▸ **Dataset excerpt**:
========================================

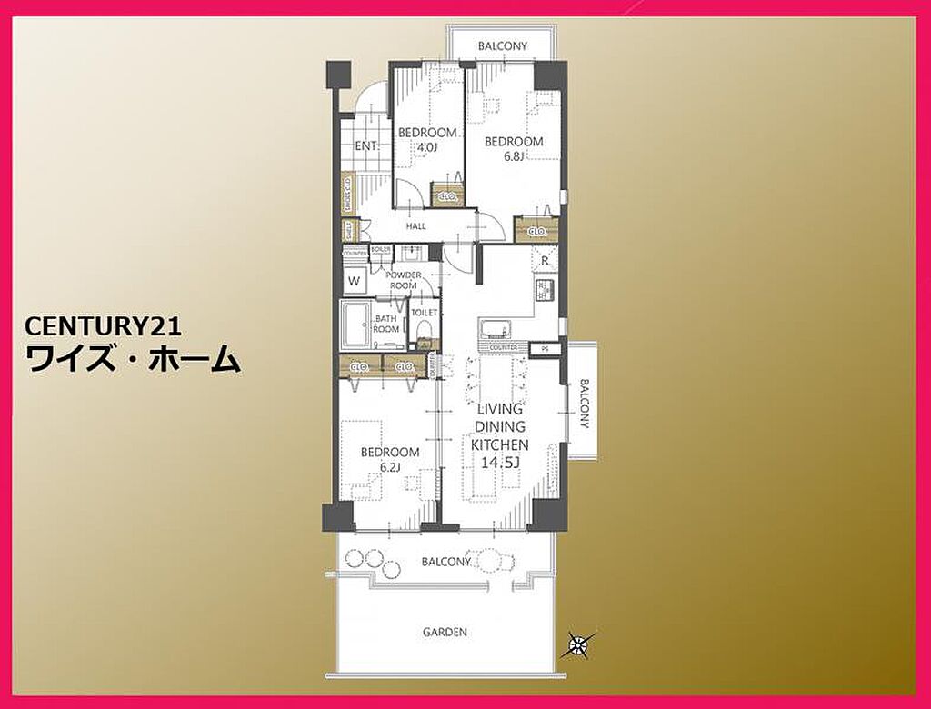 | 建物構造 | SRC(鉄骨鉄筋コンクリート) | 間取り詳細(帖) | リビングダイニングキッチン 14.5帖洋室 6.8帖洋室 6.2帖洋室 4帖 | ||
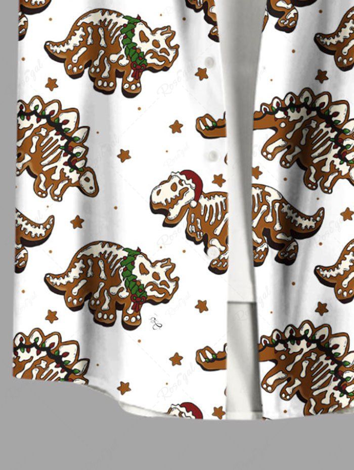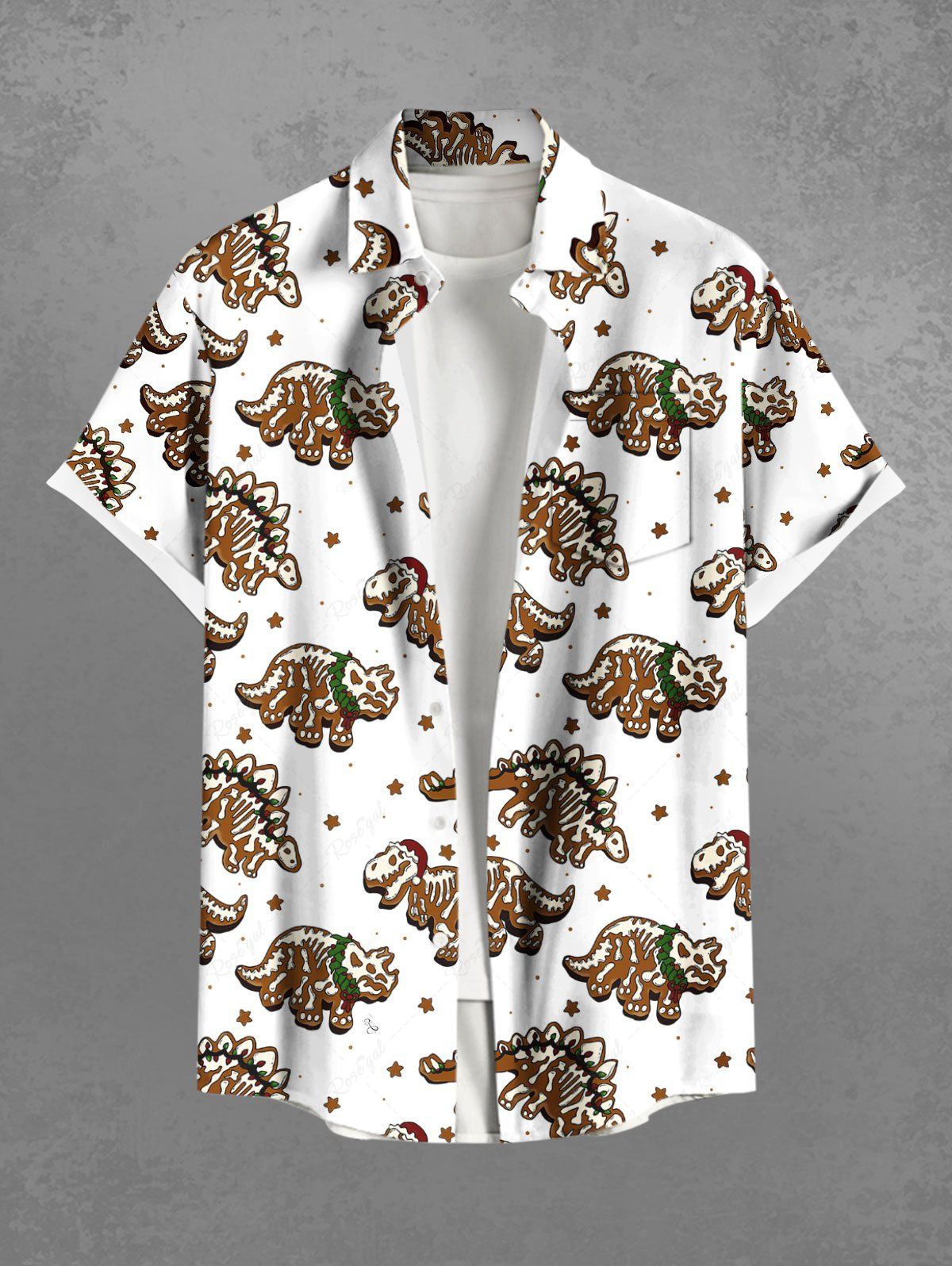 Gothic Plus Size Skeleton Dinosaur Star Print Button Pocket Shirt For Men
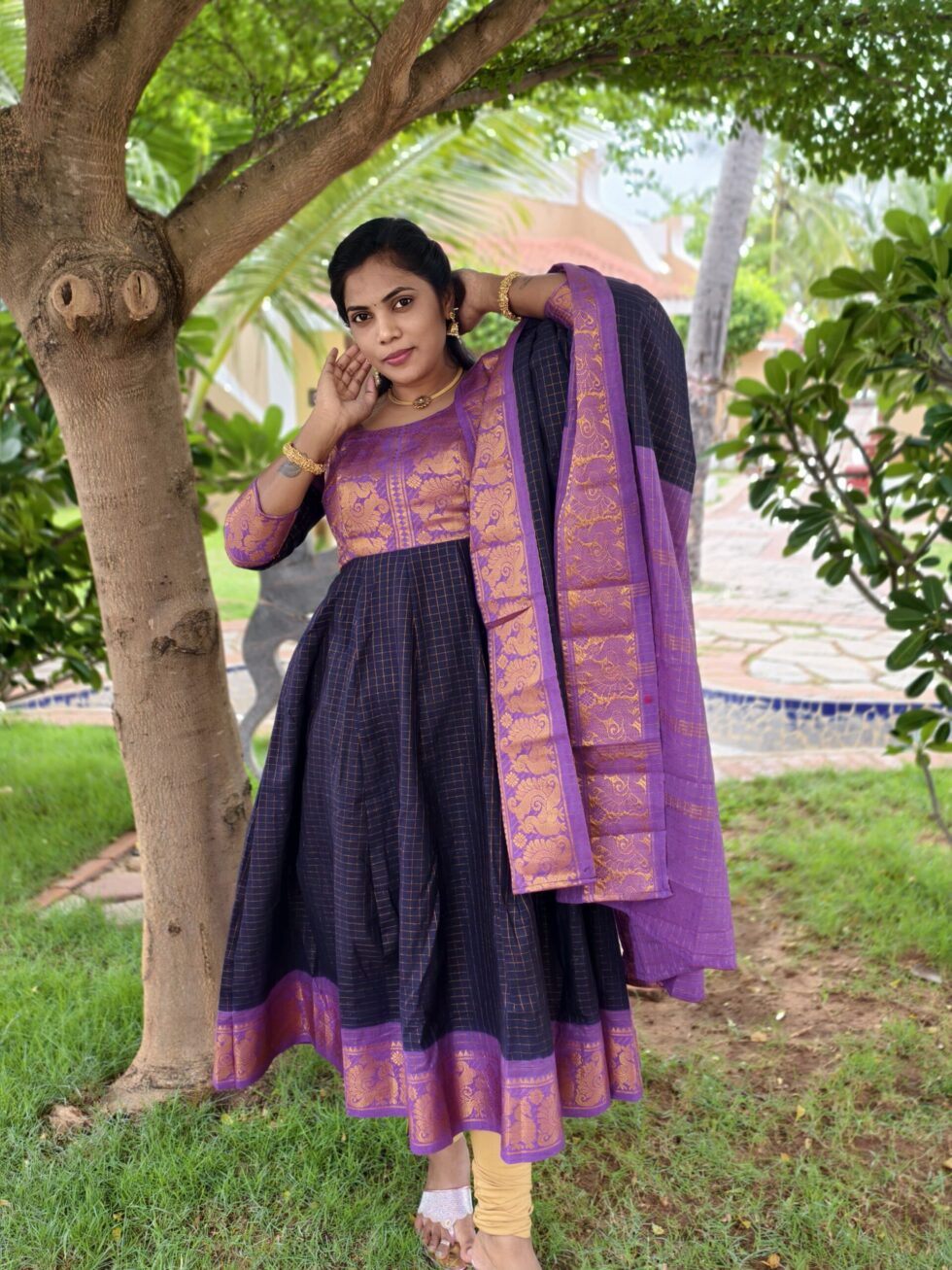 Step into elegance with this beautifully handcrafted frock made from an authentic Sungudi cotton saree. Featuring intricate traditional weaving and a rich zari border, this frock blends timeless heritage with modern comfort. The matching shawl completes the look, offering a graceful and coordinated appearance.

========================================

▸ **Problem statement**: All of the data above needs to be retyped exactly, with the pictures removed.

▸ **Solved problem**:
 | 建物構造 | SRC(鉄骨鉄筋コンクリート) | 間取り詳細(帖) | リビングダイニングキッチン 14.5帖洋室 6.8帖洋室 6.2帖洋室 4帖 | ||
 Gothic Plus Size Skeleton Dinosaur Star Print Button Pocket Shirt For Men
 Step into elegance with this beautifully handcrafted frock made from an authentic Sungudi cotton saree. Featuring intricate traditional weaving and a rich zari border, this frock blends timeless heritage with modern comfort. The matching shawl completes the look, offering a graceful and coordinated appearance.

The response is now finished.